Task prompt: Exact copy, pictures excluded: the lines from the one containing "Un Betta completamente" to the end of the listing.
□ □ □ □
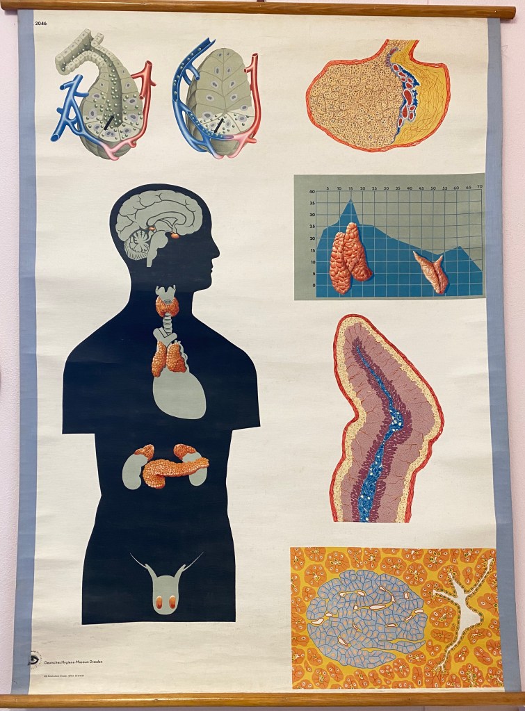 If you visit my office at TQEH Department of Surgery, you will encounter one of my favourite pieces of art. This is an original teaching poster from the German Hygiene Museum. The images of the human endocrine organs are unadorned, powerful and verge on abstraction. It is a really cool educational tool. The German Hygiene Museum was founded in 1912 as a public venue for health education. For a time during the Third Reich it came under darker influences, providing propaganda relating to racial ideology and eugenics. This poster dates from the 1950s, when the museum was an influential East German institution. How it came to be in an Adelaide antique shop is hard to imagine. #endocrinesurgeon #letsmakelemonade
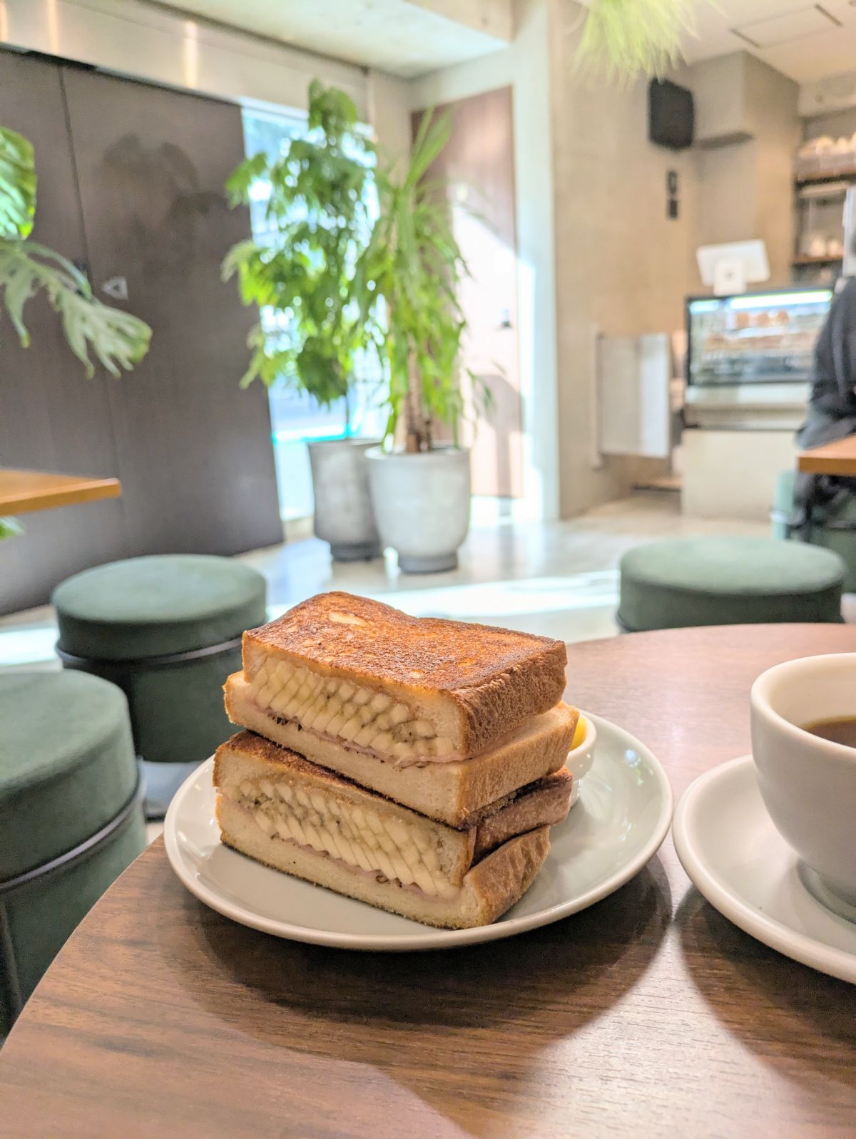 バナナとベーコンの組み合わせなんて普段は絶対選ばないですが、早朝ウォーキングはこういった事もイベントのひとつと言うかアクティビティな感じにしていて、しかし予想に反してこちらのサンドイッチめっちゃ美味しかったです!
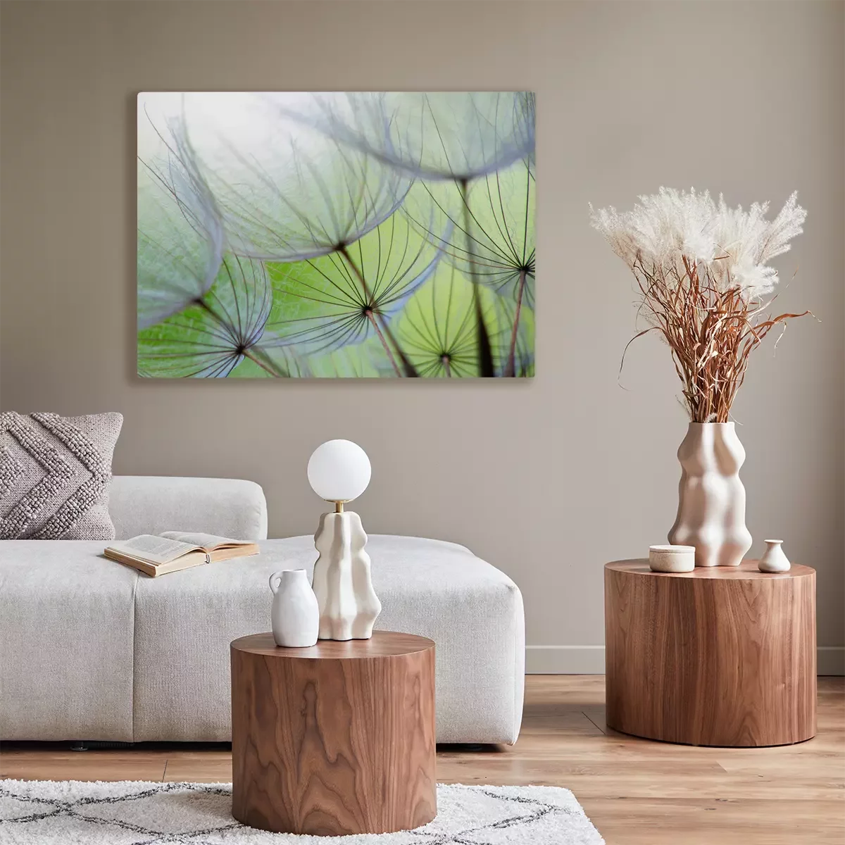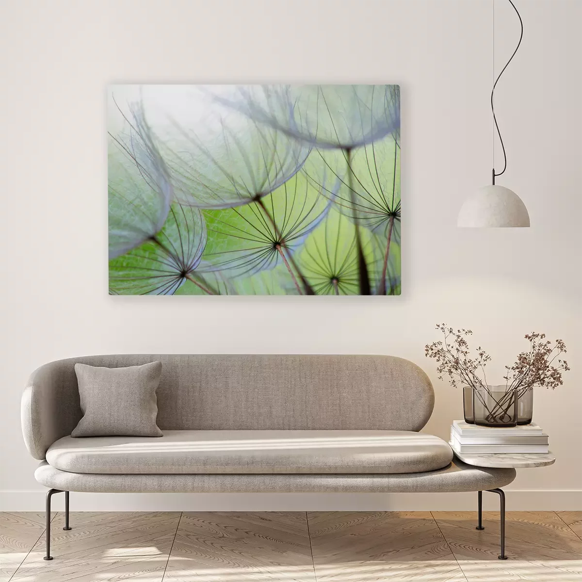 Close-up van paardenbloemzaden in het groen
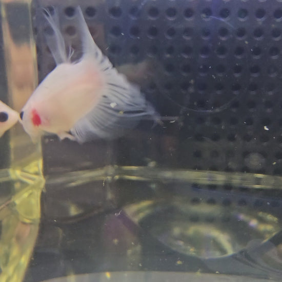Un Betta completamente trasparente, senza alcuna macchia di colore sul corpo. Gli occhi sono completamente neri, privi di qualsiasi imperfezione.
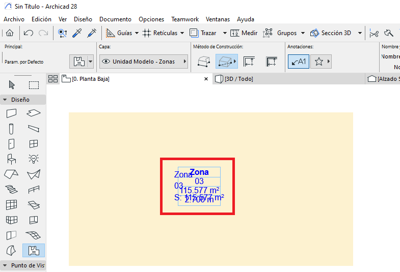 Al finalizar este articulo, el usuario será capaz de activar los Sellos de Zonas que se muestra en las Zonas creadas con la herramienta Zona de un proyecto en Archicad.
□ □ □ □
Written solution:
Un Betta completamente trasparente, senza alcuna macchia di colore sul corpo. Gli occhi sono completamente neri, privi di qualsiasi imperfezione.
 Al finalizar este articulo, el usuario será capaz de activar los Sellos de Zonas que se muestra en las Zonas creadas con la herramienta Zona de un proyecto en Archicad.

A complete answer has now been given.